Mind-boggingly how huge rocks can end up balanced like this. Geology is weird.

Mind-boggingly how huge rocks can end up balanced like this. Geology is weird.

Day 44, 20.7 miles to Crabtree Meadows.

We emerged from camp and started hiking up to Chicken Spring Lake. Nature called Sea Lion and I said I'll meet you at the lake, four miles ahead. I took a trail before the outlet and scrawled an "SL" with an arrow in the sand but she missed the note and took the trail after the outlet. So she was on the other side of the lake and thought I skipped it. I went for a quick dip and after a few minutes I thought she skipped the lake. Luckily, about five miles up trail at a water source, I ran into Camel who said she walked passed ten minutes ago. Another five miles later I caught up to her as she was waiting at a stream and we had a good laugh about the whole ordeal. We hiked down to Rock Creek, which had the trails first ford even though it was an easy walk across some logs. From there it was an easy up and down through a mysterious wooden gate, and up Whitney Creek Trail to Crabtree Meadows. We planned to hike further and camp at Guitar Lake to minimize our night hike, but apparently PCT permits only allow you to camp as far as the meadows. Bummer. At least it was a pretty camp, surrounded by huge mountainous walls getting blasted with the golden setting sunlight.
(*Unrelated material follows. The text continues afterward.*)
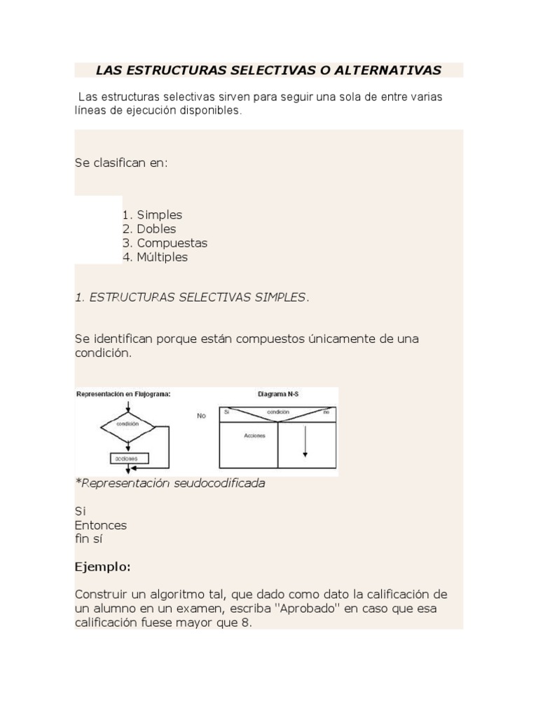 1. ESTRUCTURAS SELECTIVAS SIMPLES.

We were all in bed by 8pm with plan to hit the trail at 1am to make it up the 3,800 foot ascent to the summit of Mount Whitney.

Chicken Spring Lake from above.

Chicken Spring Lake from above.

Common scene but with an added dead V-shaped tree.

Common scene but with an added dead V-shaped tree.

"Close this gate to protect wilderness" I think it is more of a symbolism.

"Close this gate to protect wilderness" I think it is more of a symbolism.

Whitney Creek.

Whitney Creek.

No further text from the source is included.